A recent article in Wired titled “Read the (Virtual) Room! How to Improve your Digital Nunchi” speaks to the common anxiety people experience trying to be more empathetic communicators through online tools, drawing a unique parallel between online communication struggles and the Korean concept of “nunchi.” Nunchi may be interpreted as “eye measure,” “reading the room” to help us understand how to react or behave without explicitness, and “the act of figuring out what our counterpart thinks and feels in a certain situation and acting accordingly.

This prototype for a Nunchi Lamp tries to address this gap between “reading the room” by listening and emitting acoustic and visual cues that signal the more environmental cues around us. The paired device splits apart and is given to a coworker, relative, or loved one, helping the two acknowledge each other’s presence and get a feel for their respective environments. The lamp senses and relays acoustic environments, pulses with a soft glow in tune with the other user’s soundscape, and vibrates softly in step with the other user’s activity.

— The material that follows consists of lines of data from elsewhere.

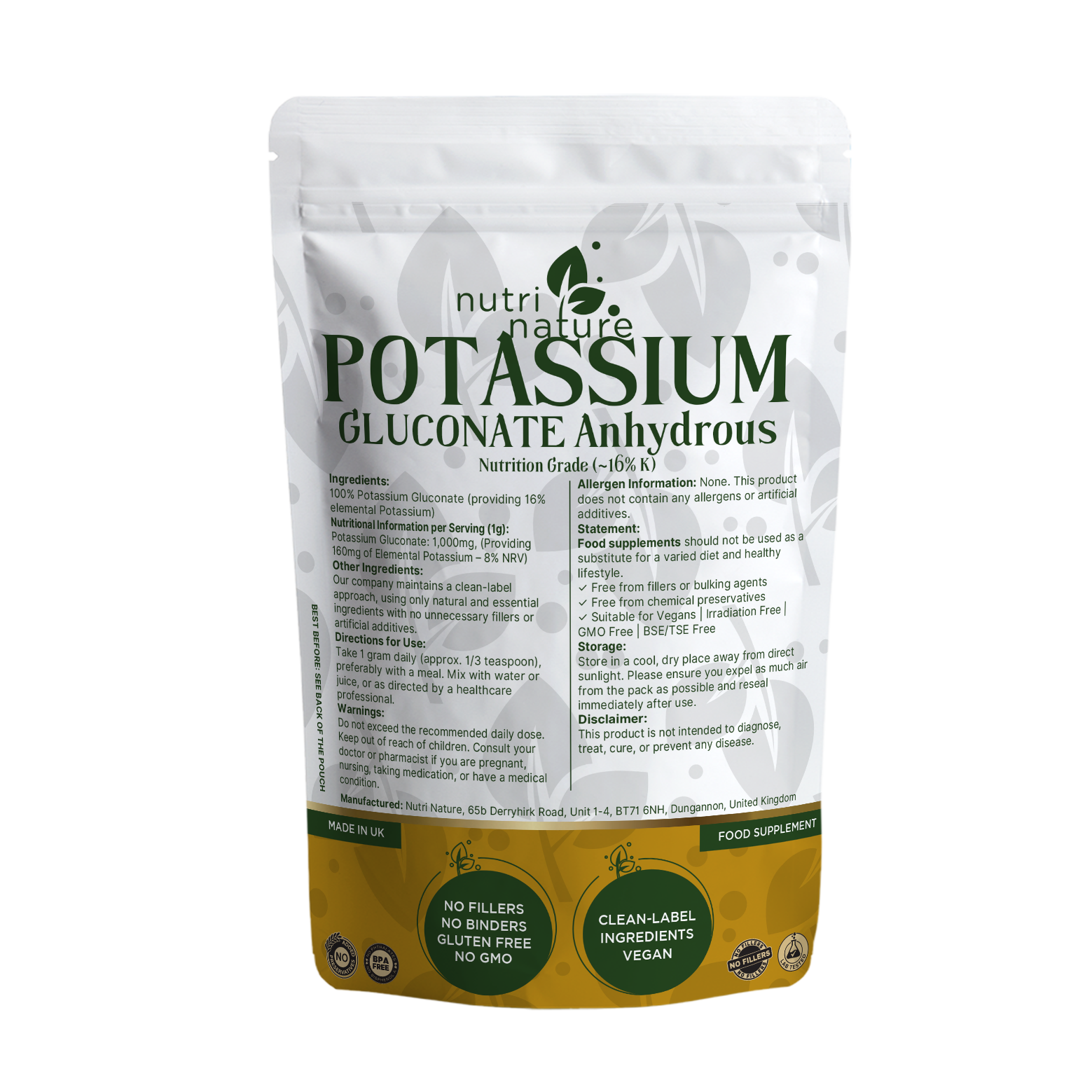 Potassium Gluconate 250g – Natural Vegan Supplement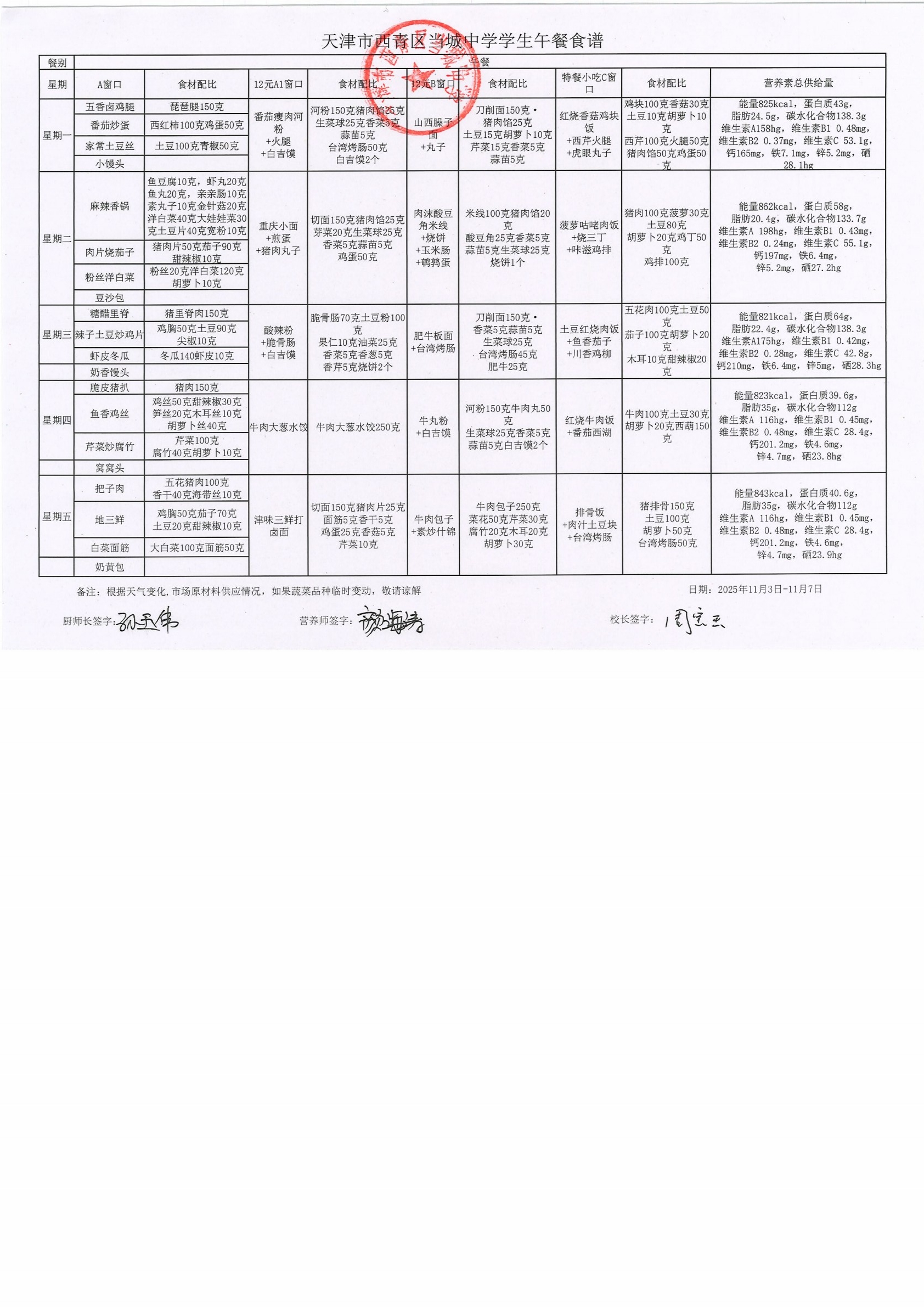 当城中学2025年11月3日-11月7日学生午餐食谱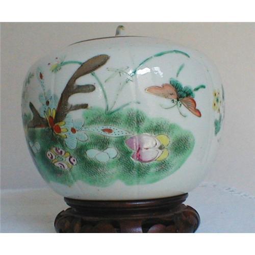 A most interesting and beautifully crafted and painted Qing Dynasty early 19th century FAMILLE ROSE PALETTE ribbed melon jar with handled lid is offered here for the collector of unusual Famille Rose. The figural covered jar has beautiful details of unusual butterflies flitting about fruiting melons and vines. Lid has a raised vine stem as handle.<BR> Totally charming, early and displays beautifully.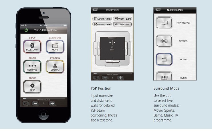 The YSP-1400 is compatible with a free controller app (HT Controller) for iOS and Android. The easyto-see and easy-to-use operating screen uses icons to let you easily perform a variety of operations while watching your smartphone or tablet screen. You can also make detailed settings for the beam sound output.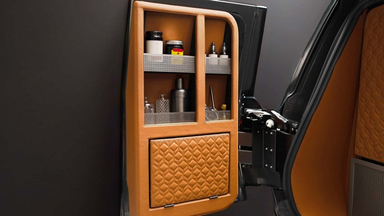 Δίχρωμο δέρμα με προσαρμοσμένο μοτίβο κοσμεί τα καθίσματα και τις επενδύσεις των θυρών, με μεταλλικά στοιχεία από ορείχαλκο και τιτάνιο και πέτρα από σχιστόλιθο Dekton. Το δέρμα πλαισιώνει επίσης τον πίσω φούρνο, την πλαϊνή καμπίνα και τους πίσω αποθηκευτικούς χώρους. Το SUV φοράει προσαρμοσμένες ζάντες και μοναδικές εξωτερικές επενδύσεις αν και με έναν φούρνο μέσα, κανείς δεν θα ασχολείται με τις ζάντες.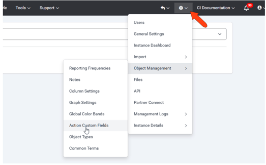 If there are specific fields you use often for actions, you can configure custom action fields. Click the Administration icon and choose Object Management / Action Custom Fields.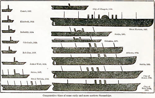 The annexed diagram of the comparative sizes of some leading steam vessels was originally used to illustrate a lecture delivered by the author during the Naval Exhibition, held in Glasgow in 1880-81, under the auspices of the city authorities.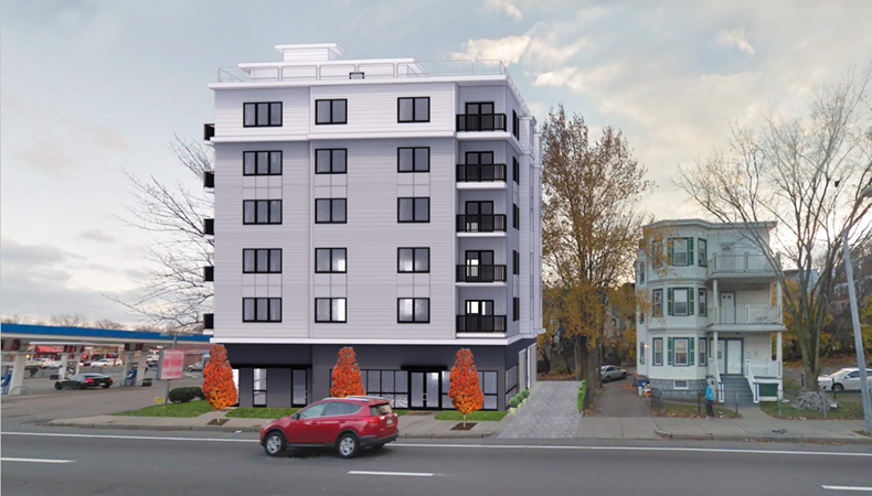 A six (6) story, twenty-nine (29) unit mixed-use building with a common roof deck and five (5) parking spaces, thirty-six (36) bicycle parking spaces, and retail space on the ground level.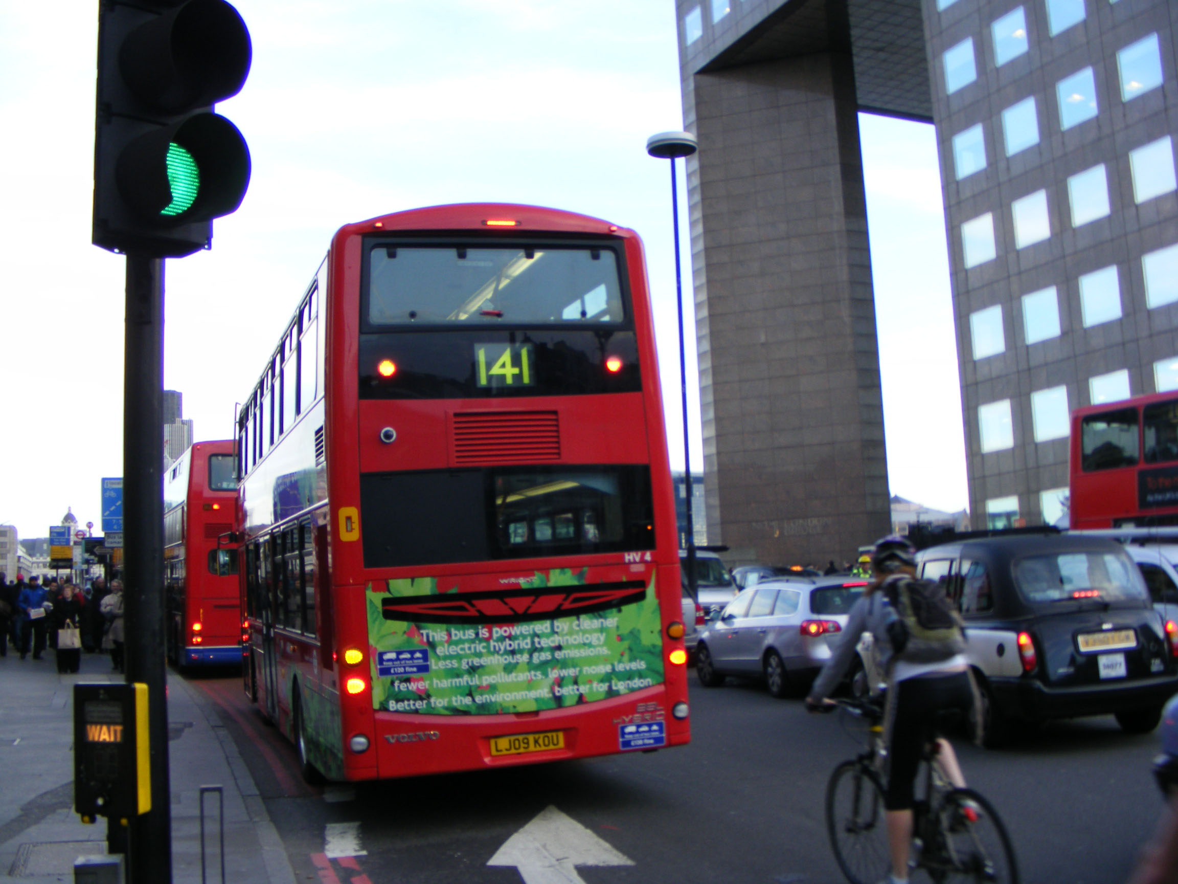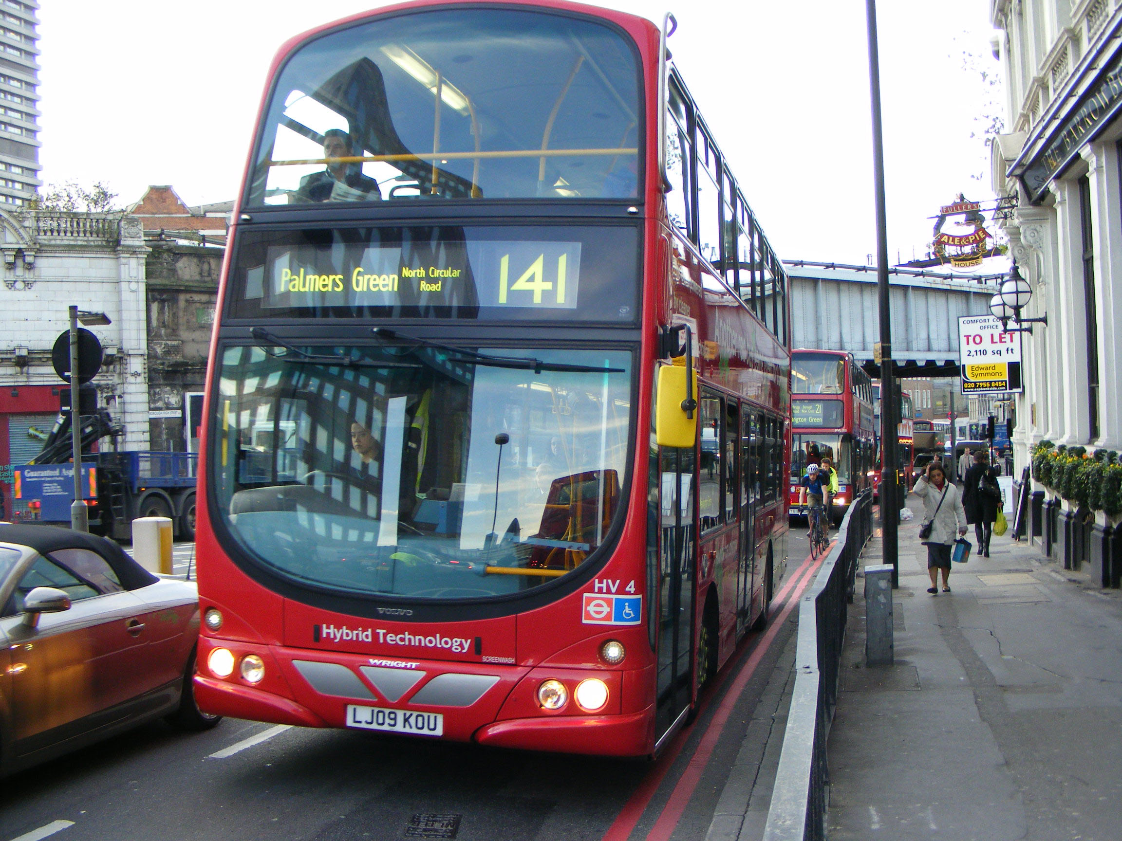 Seen near London Bridge Station in Autumn 2009 is HV4 (LJ09KOU) one of the few hybrid buses in service in the capital with Arriva in the first wave of hybrids. The Wright Eclipse Gemini 2 body is on a Volvo B5LH hybrid chassis.

Privacy-driven interactions with the device were a core design concern: As opposed to the visual cues one might typically associate with nunchi, the devices relay softer information like sound and physical vibration. Users can control the flow of this information by simply flipping their lamp up or down — when flipped up, the device can collect data and transmit to its pair, and its horn-like form language is referential to things like megaphones or early telephones. When flipped upside-down, the object’s plastic casing physically blocks its sensors from collecting sound and vibration data, and gives it a lamp-like form that physically glows to indicate when the other half of the paired device is active.

The project involved 1:1 prototyping of the paired IoT devices, sensorial design of the electronics inside the lamp, and designing wireless, remote communication between devices through an online Firebase database. The functioning prototype was tested for a week between two remote coworkers in Cambridge, MA.